JBS Vol 18. Num 1_2. 2016 - The Looming Non-Traditional Challenges to Security in South Asia: Restoring Ecological Integrity and Security

Tariq A Karim

Since the end of World War II, the question of security was viewed dominantly through the prism of military threats posed by nations against each other. In recent times, however, non-traditional security challenges such as looming food and water crises, and devastating environmental impacts from climate change such as natural disasters and the threat of pandemic diseases, have loomed ever larger. As the global population inexorably increased, exponentially, it spawned different forms of contestations among peoples and nations for selfish appropriation of natural resources causing environmental degradation. Fresh water, whether underground, on the surface, in rivers or in mountain glaciers, is at the heart of any ecosystem.
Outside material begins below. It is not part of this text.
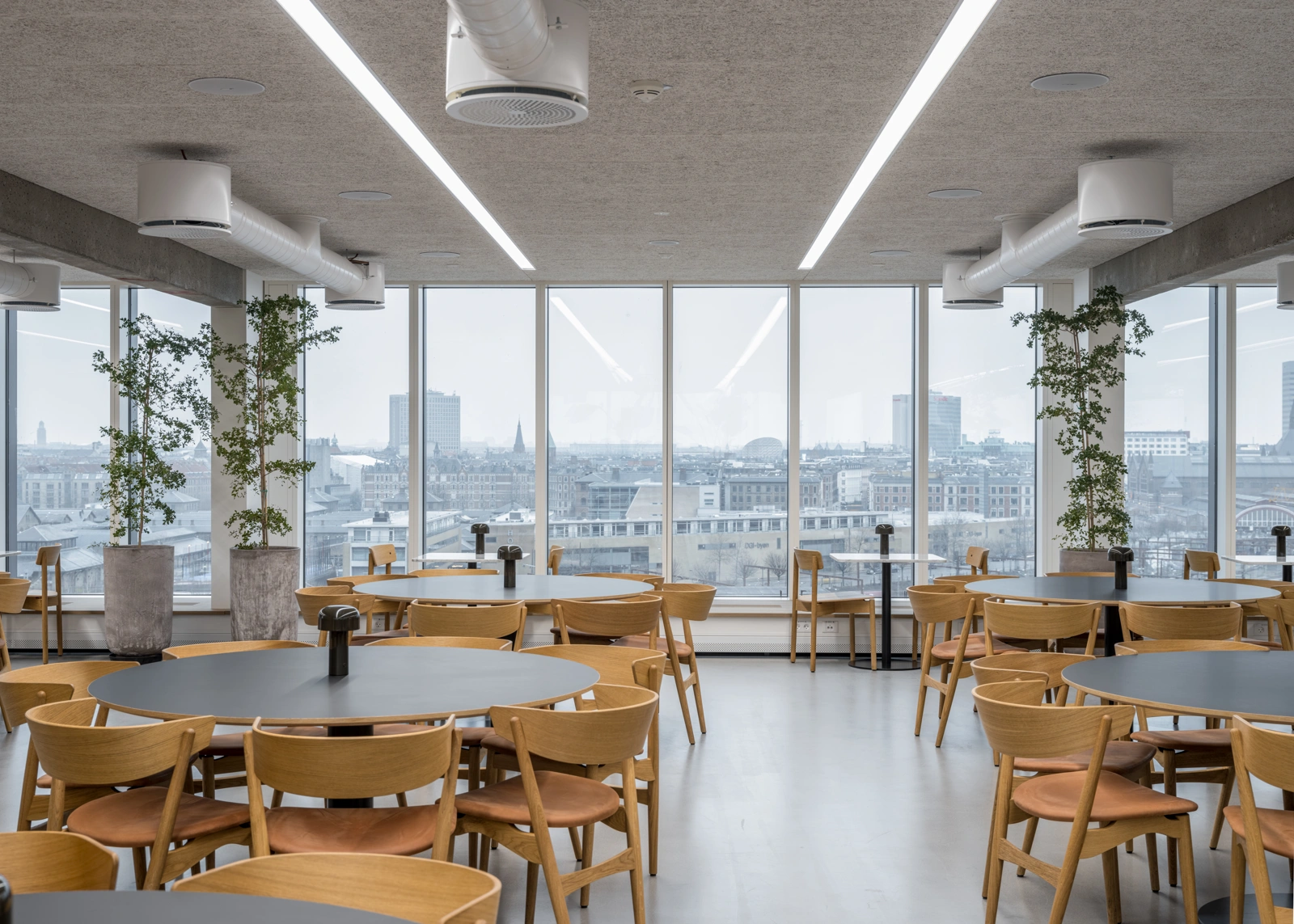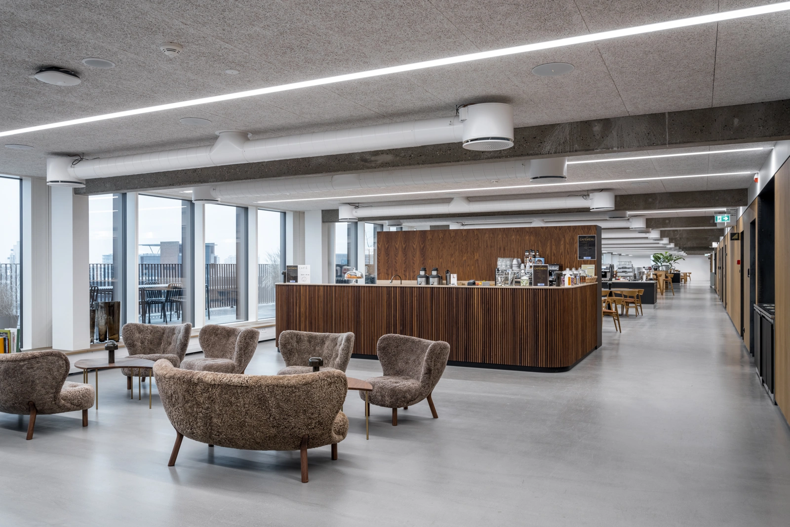 In the project, there has been a special focus on acoustics, where large parts of the building's surfaces are acoustically damped with handmade, micro-perforated hot-rolled steel panels with sound-absorbing material behind. They inscribe themselves in the character of the building and together with the raw concrete elements and solid oak, they create a warm, honest and Nordic atmosphere and experience.

It is also very unevenly distributed globally. The steadily expanding gap between available fresh water on the one hand, and the exploding populations particularly in the global South on the other, is at the heart of ecological disequilibrium that, if not properly managed, will likely aggravate the situation further, possibly triggering a “domino effect” ecologically that could pose an existential threat to human survival. An appropriate governance structure to manage these precious commons, equitably and optimally, is most urgently needed now to prevent further human conflict from intensification of the contestation between competing groups and interests, increasing the chances of domestic and inter-state conflicts and jeopardizing human security.